The bus, a 1999 Prevost, was being inspected at state police barracks. Video from a camera on the bus had been obtained by authorities but not yet analyzed, Kopy said.

He said investigators were trying to determine the speed the bus was traveling before the crash, which occurred in a 55 mph zone. A device that can record such information, similar to a flight data recorder on an airplane, was expected to be examined overnight.

'You don't want to see this'
Limo driver Homer Martinez happened on the scene moments after the wreck and saw other drivers sprinting from their cars to assist the injured.

"People were saying, 'Oh my God. Oh my God,' holding their hands on their heads," Martinez said. "I saw people telling other people not to go there, 'You don't want to see this.'"

Firefighters and medics were on the scene quickly, running to the vehicle with bags and stretchers, he said.

"I see a lot of accidents. I've even seen accidents happen. But I've never seen anything like this," Martinez said.

The southbound lanes of I-95 were still closed Saturday afternoon. The wreck also closed the northbound side of the highway, but those lanes were open again by mid-morning.

The National Transportation Safety Board said it was sending a team of investigators.

After the crash, firefighters took out seats and cut through the bus roof to reach a handful of passengers pinned in the wreckage. Kilduff called it "a very difficult operation."

Many of the passengers on the bus were Chinatown residents. They ranged in age from 20 to 50, officials said.

Fifteen were being treated at Jacobi Medical Center in the Bronx. A hospital spokeswoman, Barbara DeIorio, said some injuries were serious but had no immediate information on how many were gravely hurt. Five more were taken to St. Barnabas Hospital, where two were on life support, breathing with the assistance of machines.

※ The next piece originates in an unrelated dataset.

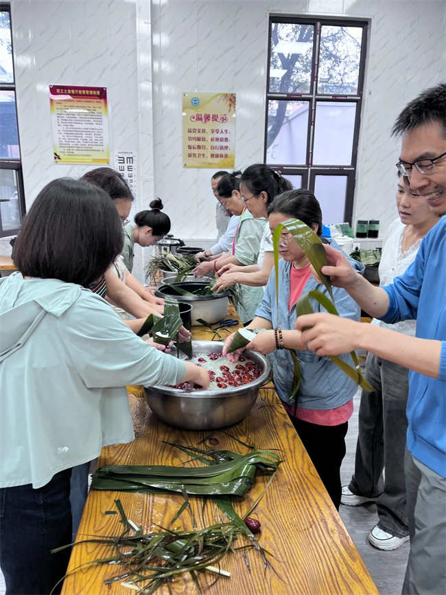 日化院職工踴躍參與,共同體驗包粽子的樂趣。大家交流著包粽子的技巧,暢談著端午節(jié)的“前世今生”,探討著中華傳統(tǒng)文化的內(nèi)涵與價值、弘揚與傳承,活動現(xiàn)場歡聲笑語不斷,氣氛喜慶熱烈。一片片清香的粽葉、一粒粒晶瑩的糯米,轉(zhuǎn)眼變成一個個可人的青粽。

"We've had skull fractures, rib fractures ... internal bleeding, we've had lung contusions," said Dr. Ernest Patti, senior attending physician at St. Barnabas.

The bus driver was "awake and conscious," Patti said.

Bus firm 'heartbroken'
World Wide Travel, the operator of the bus, said it in a statement that the company was "heartbroken" and cooperating with investigators.

"We are a family-owned company and realize words cannot begin to express our sorrow to the families of those who lost their lives or were injured in this tragic accident. Our thoughts and prayers are with them," it said.

The bus was one of scores that travel daily between Chinatown, in Manhattan, and the Foxwoods and Mohegan Sun casinos in northeastern Connecticut.

Mohegan Sun, in Uncasville, Conn., has estimated a fifth of its business comes from Asian spending and caters to Chinese-American gamblers. Its website has a Chinese-language section offering gaming and bus promotions.

NBC News' Shimon Prokupecz contributed to this report, as did Reuters and The Associated Press.